As candidates rush to appeal to the base in anticipation of the 2020 Democratic presidential race, they all seem set on using the “eat the rich” approach. But as they compete to see who proposes the highest tax rate, they also ignore history — or at least, what it teaches us.
It all started with congresswoman Alexandria Ocasio-Cortez, who claimed that tax rates “back in the 60’s” were “as high as 60 or 70 percent.”
When she made this claim, she was trying to justify her energy policy, which has the goal of reducing carbon emissions to zero in just 12 years. But because her plan involves massive subsidies to what’s known as the renewable energy industry, it would require an equally massive source of revenue to fund it. In other words, Cortez wants to make her deal work by increasing the tax rates.
Unfortunately her claim was inaccurate. Not because tax rates weren’t high in the past, but because raising taxes never work. Why? Well, because throughout history, it didn’t matter if tax rates increased or not. In the end, the federal government always collected the same percentage.
As demonstrated by Andrew Syrios for the Mises Institute, from the President Dwight D. Eisenhower days (when there were twenty-four different tax brackets and rates reached 91 percent) until now, the U.S. government has consistently collected between 16 and 20 percent of the GDP in taxes each year. And that’s because marginal rates are only applied on earnings that meet a threshold. And what do people do to avoid paying higher taxes?

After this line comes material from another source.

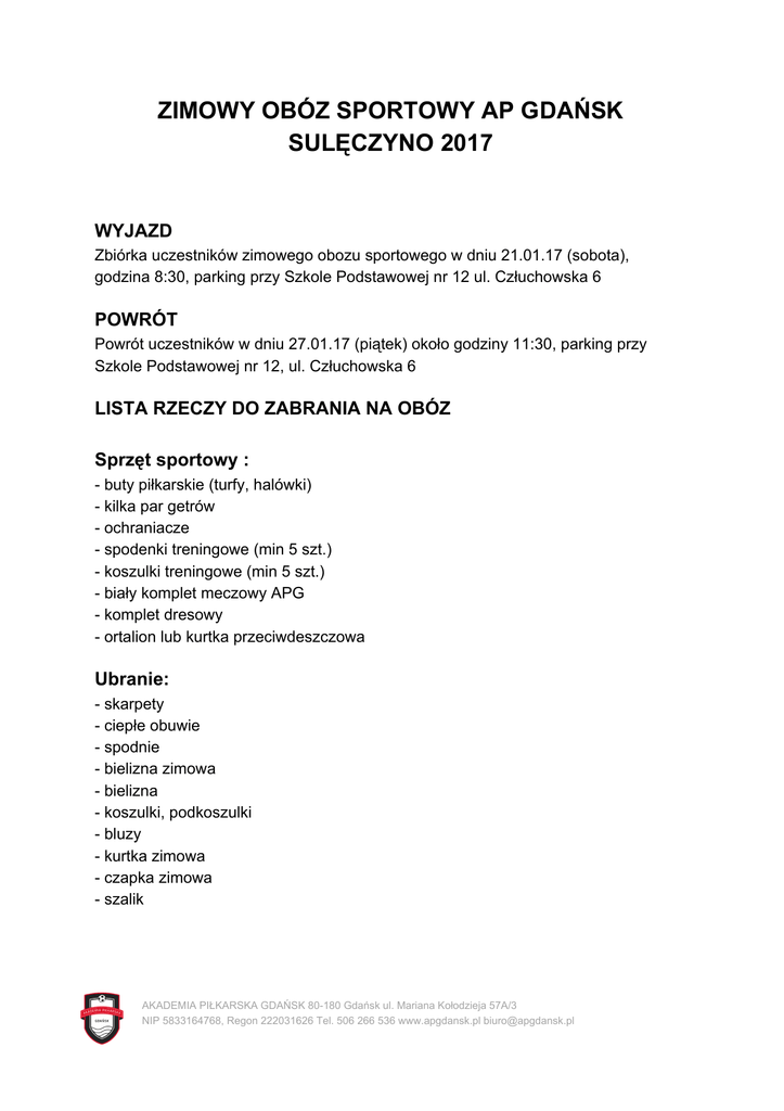 ZIMOWY OBÓZ SPORTOWY AP GDAŃSK SULĘCZYNO 2017 WYJAZD Zbiórka uczestników zimowego obozu sportowego w dniu 21.01.17 (sobota), godzina 8:30, parking przy Szkole Podstawowej nr 12 ul. Człuchowska 6 POWRÓT Powrót uczestników w dniu 27.01.17 (piątek) około godziny 11:30, parking przy Szkole Podstawowej nr 12, ul. Człuchowska 6 LISTA RZECZY DO ZABRANIA NA OBÓZ Sprzęt sportowy : - buty piłkarskie (turfy, halówki) - kilka par getrów - ochraniacze - spodenki treningowe (min 5 szt.) - koszulki treningowe (min 5 szt.) - biały komplet meczowy APG - komplet dresowy - ortalion lub kurtka przeciwdeszczowa Ubranie: - skarpety - ciepłe obuwie - spodnie - bielizna zimowa - bielizna - koszulki, podkoszulki - bluzy - kurtka zimowa - czapka zimowa - szalik AKADEMIA PIŁKARSKA GDAŃSK 80-180 Gdańsk ul. Mariana Kołodzieja 57A/3 NIP 5833164768, Regon 222031626 Tel. 506 266 536 www.apgdansk.pl [email protected] - rękawiczki (min 2 pary) - strój na basen, okulary, czepek Przybory toaletowe i inne: Piżama, klapki, 2 ręczniki, pasta do zębów, szczoteczka do zębów, mydło lub żel do mycia, szampon do włosów, prowiant na podróż, legitymacja szkolna, ewentualne lekarstwa (z upoważnieniem dla Trenera) MAKSYMALNA KWOTA KIESZONKOWEGO WYNOSI 10 PLN/DZIEŃ Prosimy, aby dzieci nie brały na obóz: - zapasu słodyczy na cały tydzień !!! - chipsów, paluszków słonych, orzeszków solonych, napojów gazowanych - łańcuszków, wisiorków, itp - drogiego sprzętu elektronicznego (nie odpowiadamy za rzeczy zgubione podczas obozu) Można zabrać TELEFONY KOMÓRKOWE W sprawach pilnych proszę o kontakt. Maliszewski Piotr tel. 506266536 AKADEMIA PIŁKARSKA GDAŃSK 80-180 Gdańsk ul. Mariana Kołodzieja 57A/3 NIP 5833164768, Regon 222031626 Tel. 506 266 536 www.apgdansk.pl [email protected]

They explore the law so they never make the cut.
Higher Taxes Aren’t Enough, Why Not Print More Money Too?
If Cortez, Sen. Elizabeth Warren, Sen. Kamala Harris, or Sen. Bernie Sanders had done their homework, they would know that while promises to tax the rich may get them a standing ovation from the masses, when applied, these policies seldom make a dent.
And while they may argue that increasing the tax rates on the wealthiest is as American as apple pie, it doesn’t mean that increasing higher income taxes will produce greater revenue. At least, that’s what the past several decades have shown us.
Many U.S. government officials noticed that reality over the years, choosing to forego pushing for major tax increases and resorting to money printing instead to cover for their extravagant programs. Needless to say, fooling around with the money supply not only devalues the dollar over time, which makes it an additional tax on the poor. But it also puts the U.S. in a dire financial situation as the national debt now stands close to $22 trillion.
If the goal is to further worsen our prospects, continue to devalue the currency, and add extra financial burdens on those who are already struggling, then Democrats running for president should go even further than just push for a 70 percent tax on the rich by openly supporting the Federal Reserve, which continues to expand balance sheets on a whim.